## RECORDED DATA
*****
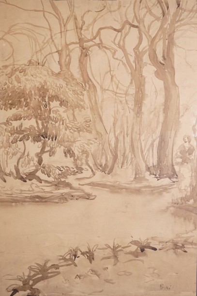 | Femme au bord de l'eau en sous-bois | |
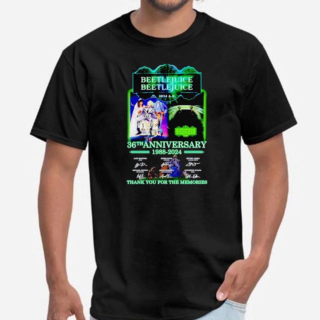 If you’re searching for a Beetlejuice 36th Anniversary 1988-2024 Thank You For The Memories Shirt Ladies Tee that can offer both a soft feel and breathability to keep you comfortable on sweltering summer days, look no further. Don’t wait any longer, add it to your cart and experience the benefits of our 100% cotton T-shirt !
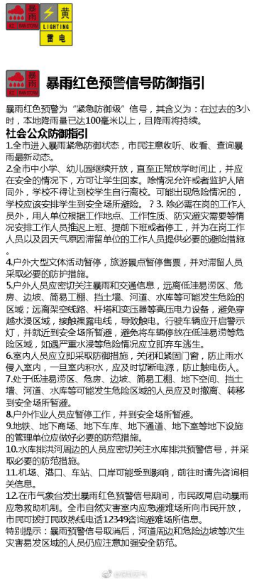 暴雨紅色預警信號防御指引
*****
## TASK DIRECTIONS
All of the data above should be printed again exactly, though none of the pictures belong in the copy.

## OUTPUT OF THE TASK
 | Femme au bord de l'eau en sous-bois | |
 If you’re searching for a Beetlejuice 36th Anniversary 1988-2024 Thank You For The Memories Shirt Ladies Tee that can offer both a soft feel and breathability to keep you comfortable on sweltering summer days, look no further. Don’t wait any longer, add it to your cart and experience the benefits of our 100% cotton T-shirt !
 暴雨紅色預警信號防御指引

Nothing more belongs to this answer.